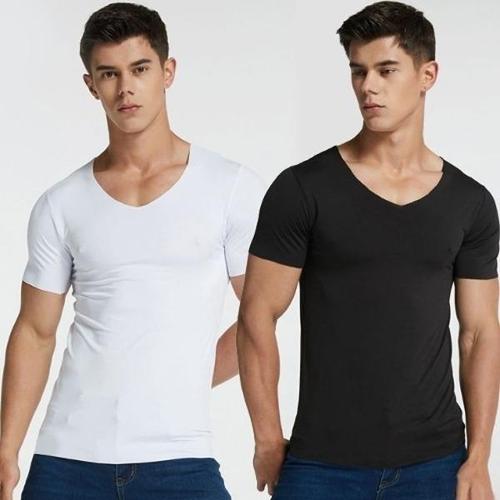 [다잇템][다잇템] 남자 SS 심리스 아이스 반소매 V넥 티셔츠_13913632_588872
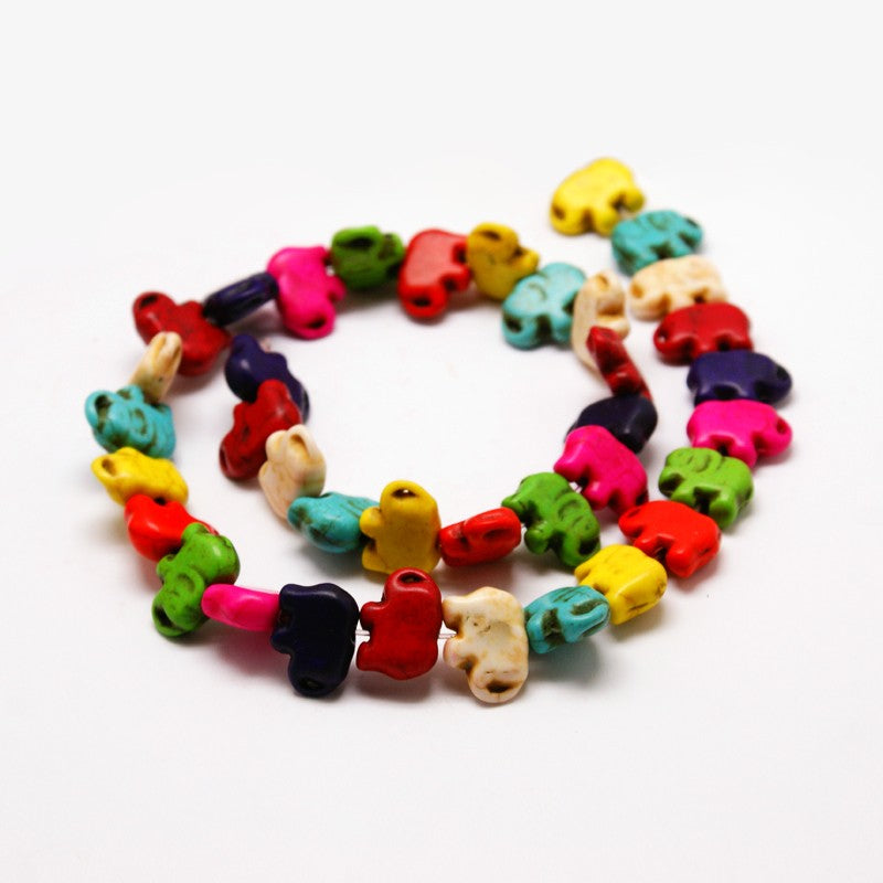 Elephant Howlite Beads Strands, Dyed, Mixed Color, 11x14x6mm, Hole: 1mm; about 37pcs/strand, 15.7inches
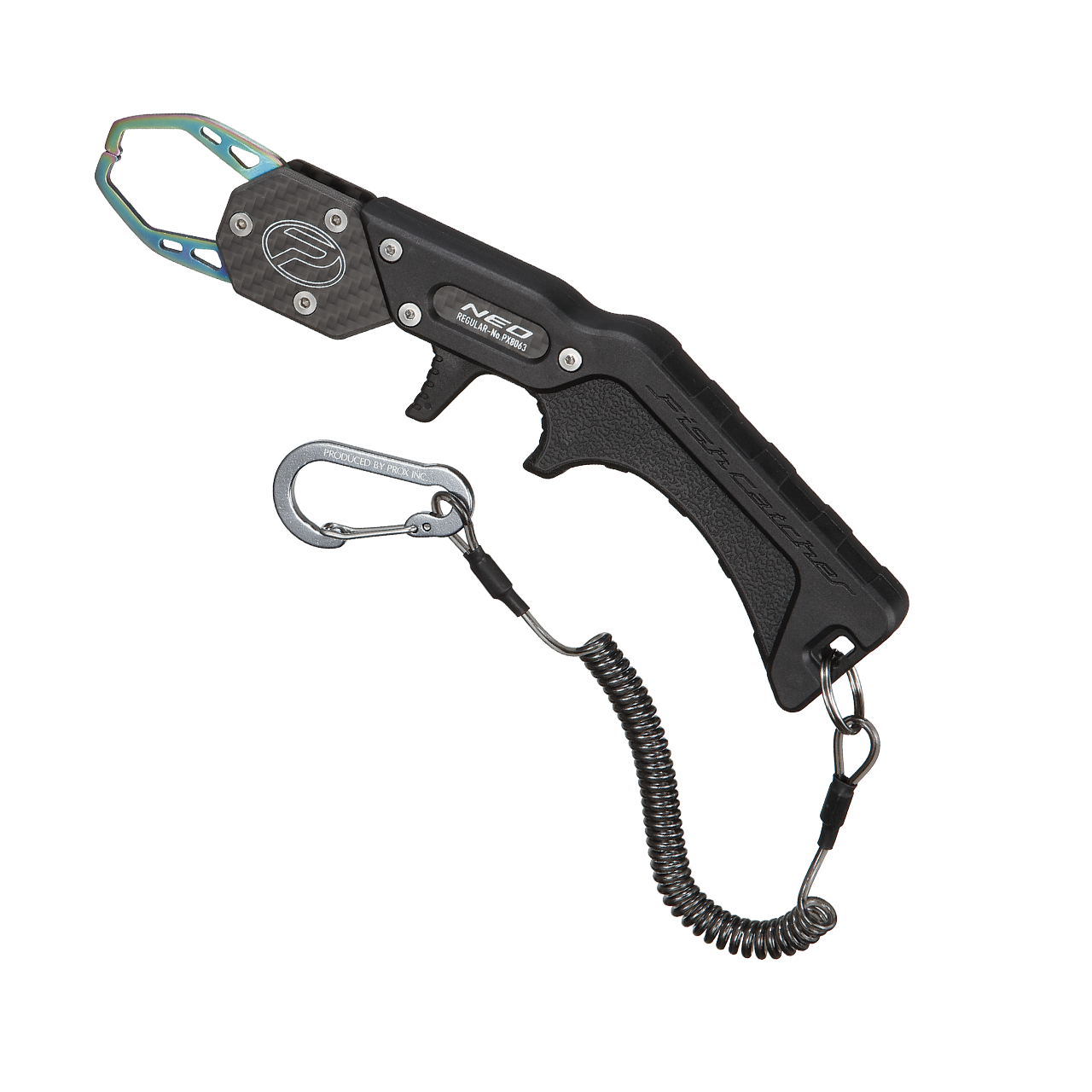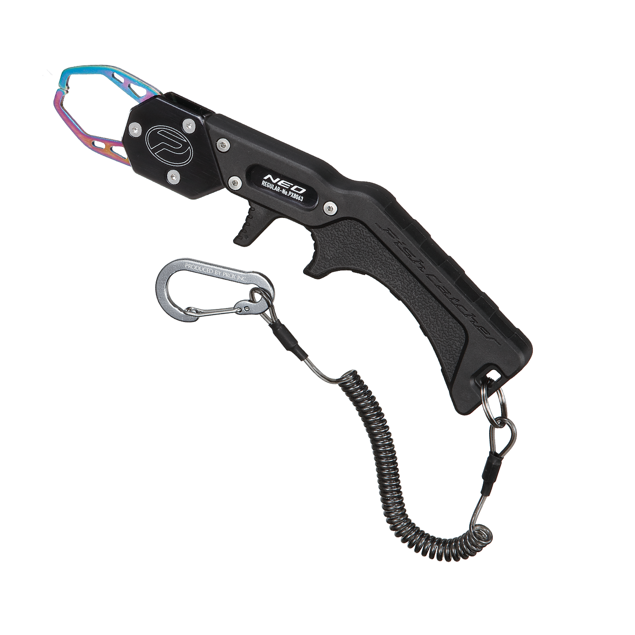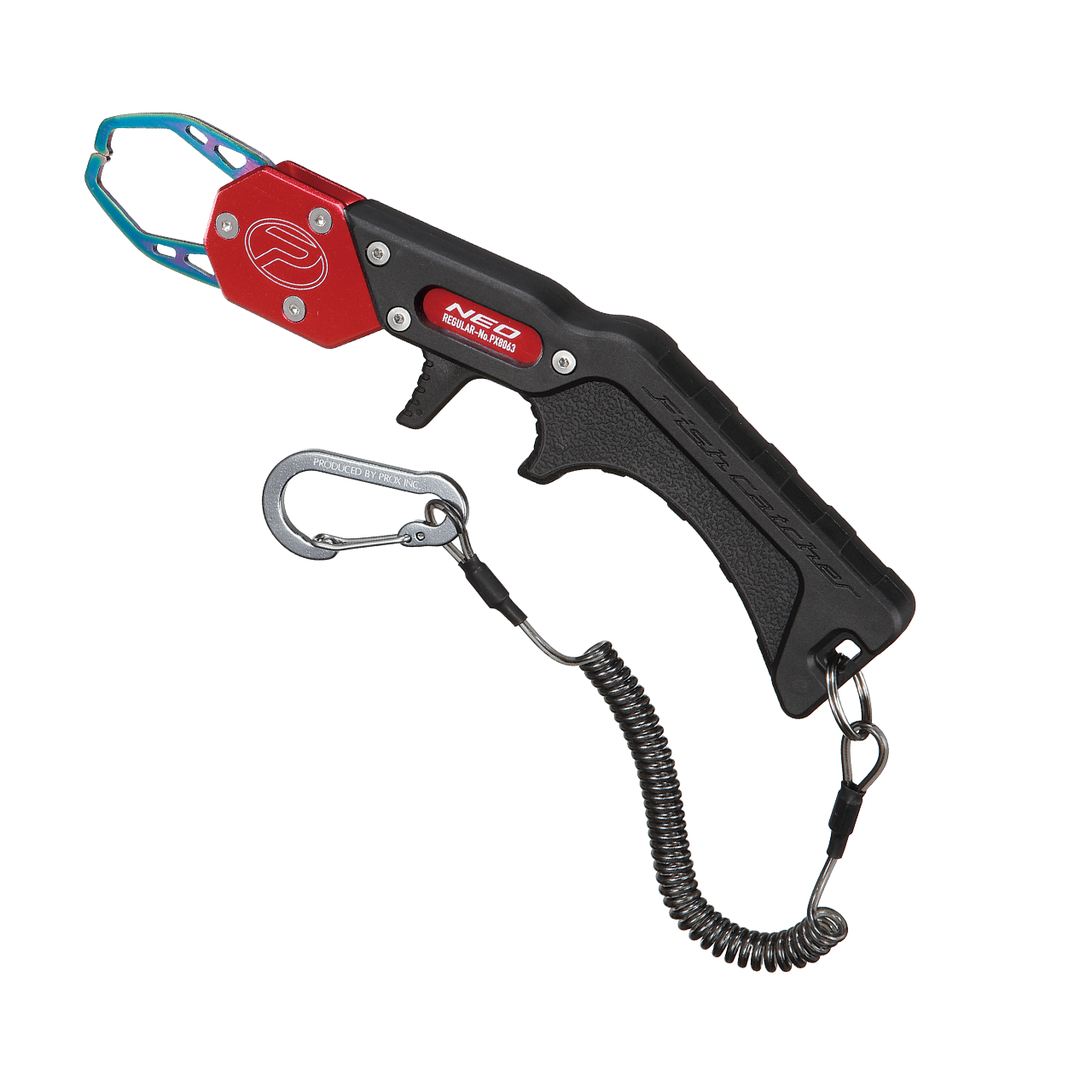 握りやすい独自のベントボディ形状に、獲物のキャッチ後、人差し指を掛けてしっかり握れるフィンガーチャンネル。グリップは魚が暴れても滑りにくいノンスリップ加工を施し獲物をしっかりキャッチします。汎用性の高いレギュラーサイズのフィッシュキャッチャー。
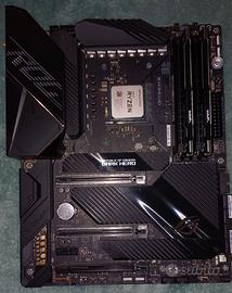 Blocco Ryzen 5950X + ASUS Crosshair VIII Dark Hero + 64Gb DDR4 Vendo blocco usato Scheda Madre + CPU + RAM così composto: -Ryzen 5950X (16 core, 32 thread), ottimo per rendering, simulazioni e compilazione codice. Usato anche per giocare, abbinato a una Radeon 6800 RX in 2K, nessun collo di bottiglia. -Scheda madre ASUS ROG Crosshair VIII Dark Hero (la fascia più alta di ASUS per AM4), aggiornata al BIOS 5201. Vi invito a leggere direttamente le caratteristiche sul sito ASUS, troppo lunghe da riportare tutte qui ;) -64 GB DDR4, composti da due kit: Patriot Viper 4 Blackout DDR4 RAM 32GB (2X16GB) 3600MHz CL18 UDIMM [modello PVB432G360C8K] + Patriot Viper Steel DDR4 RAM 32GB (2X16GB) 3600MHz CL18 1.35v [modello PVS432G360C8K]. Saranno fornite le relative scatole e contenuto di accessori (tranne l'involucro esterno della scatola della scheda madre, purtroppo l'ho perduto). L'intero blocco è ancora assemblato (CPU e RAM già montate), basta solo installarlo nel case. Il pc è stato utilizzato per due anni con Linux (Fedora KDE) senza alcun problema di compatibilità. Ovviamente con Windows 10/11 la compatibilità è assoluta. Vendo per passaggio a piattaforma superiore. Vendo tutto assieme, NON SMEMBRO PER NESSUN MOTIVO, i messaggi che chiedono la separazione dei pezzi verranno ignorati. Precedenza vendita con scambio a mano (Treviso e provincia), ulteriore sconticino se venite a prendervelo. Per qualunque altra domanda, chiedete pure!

----

== ABOUT THIS TASK ==
Copy each line above exactly. Images do not belong in the copy.

== YOUR RESPONSE ==
 [다잇템][다잇템] 남자 SS 심리스 아이스 반소매 V넥 티셔츠_13913632_588872
 Elephant Howlite Beads Strands, Dyed, Mixed Color, 11x14x6mm, Hole: 1mm; about 37pcs/strand, 15.7inches
 握りやすい独自のベントボディ形状に、獲物のキャッチ後、人差し指を掛けてしっかり握れるフィンガーチャンネル。グリップは魚が暴れても滑りにくいノンスリップ加工を施し獲物をしっかりキャッチします。汎用性の高いレギュラーサイズのフィッシュキャッチャー。
 Blocco Ryzen 5950X + ASUS Crosshair VIII Dark Hero + 64Gb DDR4 Vendo blocco usato Scheda Madre + CPU + RAM così composto: -Ryzen 5950X (16 core, 32 thread), ottimo per rendering, simulazioni e compilazione codice. Usato anche per giocare, abbinato a una Radeon 6800 RX in 2K, nessun collo di bottiglia. -Scheda madre ASUS ROG Crosshair VIII Dark Hero (la fascia più alta di ASUS per AM4), aggiornata al BIOS 5201. Vi invito a leggere direttamente le caratteristiche sul sito ASUS, troppo lunghe da riportare tutte qui ;) -64 GB DDR4, composti da due kit: Patriot Viper 4 Blackout DDR4 RAM 32GB (2X16GB) 3600MHz CL18 UDIMM [modello PVB432G360C8K] + Patriot Viper Steel DDR4 RAM 32GB (2X16GB) 3600MHz CL18 1.35v [modello PVS432G360C8K]. Saranno fornite le relative scatole e contenuto di accessori (tranne l'involucro esterno della scatola della scheda madre, purtroppo l'ho perduto). L'intero blocco è ancora assemblato (CPU e RAM già montate), basta solo installarlo nel case. Il pc è stato utilizzato per due anni con Linux (Fedora KDE) senza alcun problema di compatibilità. Ovviamente con Windows 10/11 la compatibilità è assoluta. Vendo per passaggio a piattaforma superiore. Vendo tutto assieme, NON SMEMBRO PER NESSUN MOTIVO, i messaggi che chiedono la separazione dei pezzi verranno ignorati. Precedenza vendita con scambio a mano (Treviso e provincia), ulteriore sconticino se venite a prendervelo. Per qualunque altra domanda, chiedete pure!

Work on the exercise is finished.